Storage on Biowulf & Helix

There are several options for disk storage on the NIH HPC; please review this section carefully to decide where to place your data. Contact the NIH HPC systems staff if you have any questions.

Except where noted, there are no quotas, time limits or other restrictions placed on the use of space on the NIH HPC, but please use the space responsibly; even hundreds of terabytes won't last forever if files are never deleted. Disk space on the NIH HPC should never be used as archival storage.

Users who require more than the default disk storage quota should fill out the online storage request form.

NOTE: Historical traces of disk usage and file counts are available through the User Dashboard.

Summary of file storage options
  Location Creation Backups Space Available from
/home network (NFS) with Biowulf/Helix account yes 16 GB quota Biowulf login node
Biowulf compute nodes
Helix
/lscratch (nodes) local created by user job no up to ~850 GB
as requested by job
Biowulf compute nodes only
/scratch network (NFS) created by user no 100 TB shared Biowulf login node
Helix
/data network (GPFS/NFS) with Biowulf/Helix account no 100 GB default quota Biowulf login node
Biowulf compute nodes
Helix

/home
Each user has a home directory called /home/username which is accessible from every HPC system. The /home area has a quota of 16 GB which cannot be increased. It is commonly used for config files (aka dotfiles), code, nodes, executables, state files, and caches.
/lscratch (nodes)

Each Biowulf node has a directly attached disk containing a /lscratch filesystem. Note that this space is not backed up, and thus, users should use it only as temporary space while running a job. Once the job exits, you will no longer have access to /lscratch on the node.

To use /lscratch, see Using Local Disk in the Biowulf User Guide.

Please use /lscratch (on compute nodes) or /scratch (on the Biowulf login node or Helix) instead of /tmp for storage of temporary files.

/scratch
There is a shared /scratch area that is accessible from Helix and the Biowulf login node. /scratch is a large, low performance area meant for the storage of temporary files.

  • Files in /scratch are automatically deleted 10 days after last access.

  • Each user can store up to a maximum of 10 TB in /scratch. However, 10 TB of space is not guaranteed to be available at any particular time.

  • If the /scratch area is more than 80% full, the HPC staff will delete files as needed, even if they are less than 10 days old.

  • /data

    These are filesystems mounted over NFS or GPFS from one of the following, all of which are configured for high availability: an all-flash VAST storage system, six DataDirect Networks SFA12K storage systems with eight fileservers each, a DataDirect Networks SFA18K storage system with eight fileservers, and two NetApp FAS9000 controllers. This storage offers high performance NFS/GPFS access, and is exported to Biowulf over a dedicated high-speed network. /data is accessible from all computational nodes as well as Biowulf and Helix, and will be the storage of choice for most users to store their large datasets. Biowulf users are assigned an initial quota of 100 GB on /data; please fill out the online form if you need to increase your quota.

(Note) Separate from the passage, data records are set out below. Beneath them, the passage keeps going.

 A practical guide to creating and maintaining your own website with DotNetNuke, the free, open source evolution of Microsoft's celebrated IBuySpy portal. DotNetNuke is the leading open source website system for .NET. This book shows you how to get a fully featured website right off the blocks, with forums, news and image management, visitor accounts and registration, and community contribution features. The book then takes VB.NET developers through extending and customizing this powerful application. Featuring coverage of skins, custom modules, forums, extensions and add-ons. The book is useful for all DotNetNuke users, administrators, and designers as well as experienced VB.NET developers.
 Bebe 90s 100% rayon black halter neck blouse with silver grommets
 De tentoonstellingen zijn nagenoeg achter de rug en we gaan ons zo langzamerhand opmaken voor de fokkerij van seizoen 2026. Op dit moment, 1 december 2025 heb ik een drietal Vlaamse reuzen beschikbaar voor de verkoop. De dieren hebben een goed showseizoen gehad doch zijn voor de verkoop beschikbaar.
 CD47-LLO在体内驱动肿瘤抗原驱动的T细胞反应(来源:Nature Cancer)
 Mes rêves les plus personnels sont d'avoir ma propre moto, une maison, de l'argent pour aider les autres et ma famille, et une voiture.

    Note: your /data directory is actually physically located on filesystems named /vf, /gs# or /spin1. /data/username will always point to the correct location of your data directory. In your batch scripts or on the command line, ALWAYS refer to your data directory as /data/username because your data directory might be moved to balance the loads, or when filesystems are added or retired. In other words, use /data/username rather than (for example) /gs12/users/username in your scripts.

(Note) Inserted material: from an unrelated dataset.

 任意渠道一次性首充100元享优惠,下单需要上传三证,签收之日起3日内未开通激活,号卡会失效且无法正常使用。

    Snapshots are available that allow users to recover files that have been inadvertently deleted. Note that access to the snapshots differs for the three types of storage systems. For more information on backups and snapshots, please refer to the File Backups webpage.

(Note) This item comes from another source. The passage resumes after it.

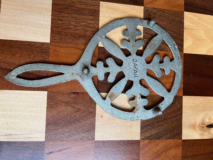 Vintage brass footed trivet snowflake/floral design 6.5 inches long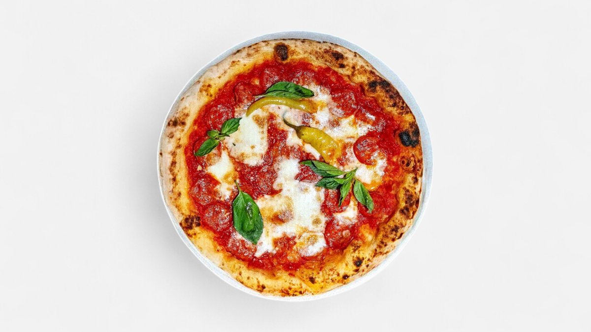 (pomidorai savo sultyse, sūris mozzarella, alyvuogių aliejus, švž. bazilikai, dešra peperoni, kons. jalapenai)

    For the small minority of HPC users with a data directory located on the /spin1 storage area, it is possible that the size of snapshots in your data directory may cause a user to have less available storage space than you expect.

    Each data directory on /spin1 has its own snapshot space that is separate from a user's regular file or data space. However, if you delete a lot of data within a short period of time (a week or less), it is possible that the snapshot space for that data directory can be exceeded. When this occurs, regular file space (allocated quota space) will be used as additional snapshot space. Unfortunately there is no way for you to either determine that this is the situation, or to actually delete snapshots. If you delete a large amount of data and do not see the expected increase in available space, you should contact the HPC staff for assistance. This situation will NOT occur for data directories located on the VAST or GPFS filesystems.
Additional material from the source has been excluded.